- [WHAT THE TASK REQUIRES] Give every line of the data again, unchanged, but with no pictures.

- [DATA TO PROCESS]

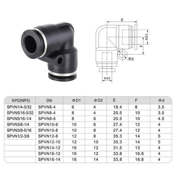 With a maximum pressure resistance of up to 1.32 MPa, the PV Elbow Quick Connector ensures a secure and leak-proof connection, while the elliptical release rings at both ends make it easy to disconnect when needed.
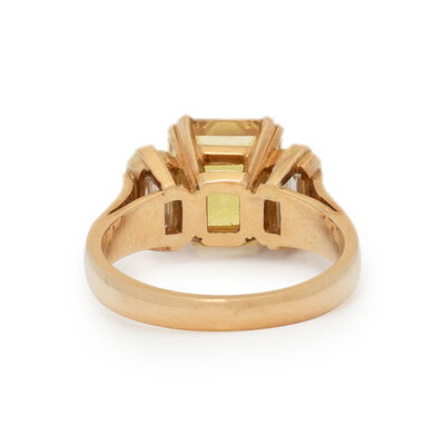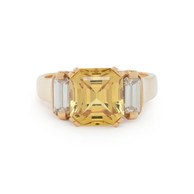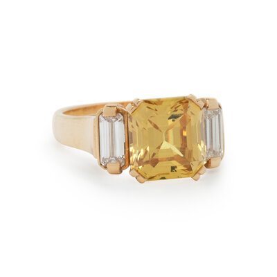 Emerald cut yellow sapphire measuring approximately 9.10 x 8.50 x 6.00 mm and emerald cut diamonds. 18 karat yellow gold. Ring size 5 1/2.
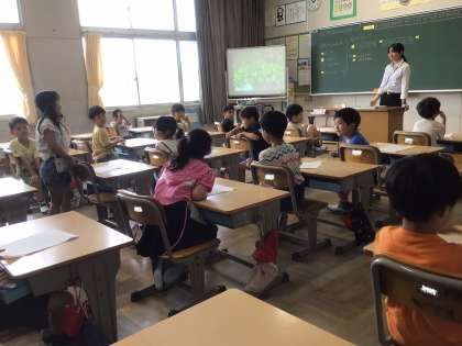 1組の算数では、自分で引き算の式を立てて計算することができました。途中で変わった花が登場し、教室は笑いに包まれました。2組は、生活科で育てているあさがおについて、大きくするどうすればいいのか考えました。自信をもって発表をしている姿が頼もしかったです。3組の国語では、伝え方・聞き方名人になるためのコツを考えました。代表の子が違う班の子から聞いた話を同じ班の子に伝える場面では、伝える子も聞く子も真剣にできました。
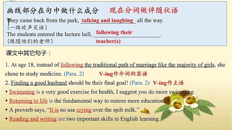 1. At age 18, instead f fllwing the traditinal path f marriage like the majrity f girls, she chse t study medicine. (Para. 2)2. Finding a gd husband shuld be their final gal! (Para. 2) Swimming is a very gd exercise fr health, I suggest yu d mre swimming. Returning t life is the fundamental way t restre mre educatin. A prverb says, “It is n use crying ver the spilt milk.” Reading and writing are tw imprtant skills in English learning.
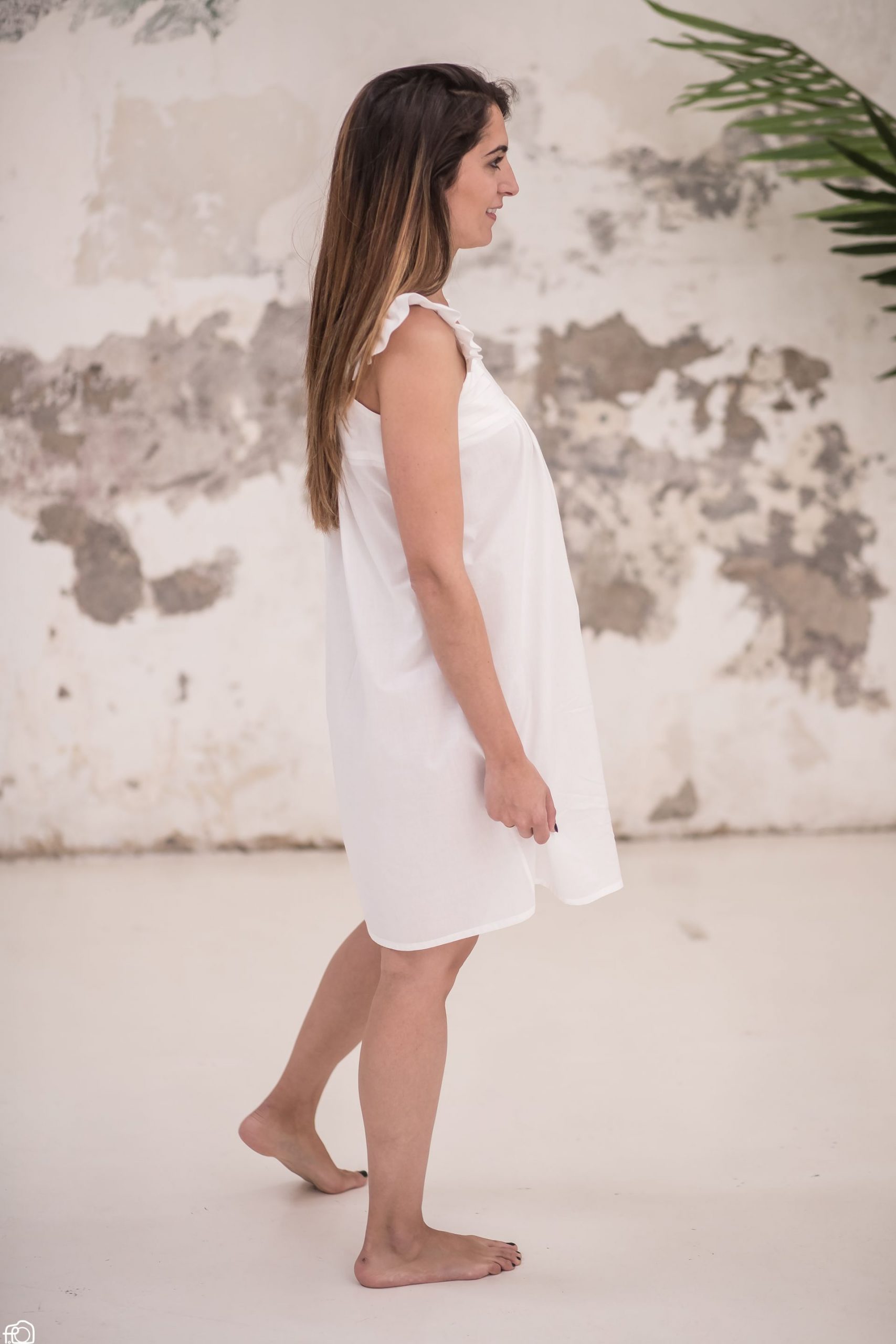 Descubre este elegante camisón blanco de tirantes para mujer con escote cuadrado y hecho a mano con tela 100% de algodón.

- [RESULT FOR THIS TASK]
 With a maximum pressure resistance of up to 1.32 MPa, the PV Elbow Quick Connector ensures a secure and leak-proof connection, while the elliptical release rings at both ends make it easy to disconnect when needed.
 Emerald cut yellow sapphire measuring approximately 9.10 x 8.50 x 6.00 mm and emerald cut diamonds. 18 karat yellow gold. Ring size 5 1/2.
 1組の算数では、自分で引き算の式を立てて計算することができました。途中で変わった花が登場し、教室は笑いに包まれました。2組は、生活科で育てているあさがおについて、大きくするどうすればいいのか考えました。自信をもって発表をしている姿が頼もしかったです。3組の国語では、伝え方・聞き方名人になるためのコツを考えました。代表の子が違う班の子から聞いた話を同じ班の子に伝える場面では、伝える子も聞く子も真剣にできました。
 1. At age 18, instead f fllwing the traditinal path f marriage like the majrity f girls, she chse t study medicine. (Para. 2)2. Finding a gd husband shuld be their final gal! (Para. 2) Swimming is a very gd exercise fr health, I suggest yu d mre swimming. Returning t life is the fundamental way t restre mre educatin. A prverb says, “It is n use crying ver the spilt milk.” Reading and writing are tw imprtant skills in English learning.
 Descubre este elegante camisón blanco de tirantes para mujer con escote cuadrado y hecho a mano con tela 100% de algodón.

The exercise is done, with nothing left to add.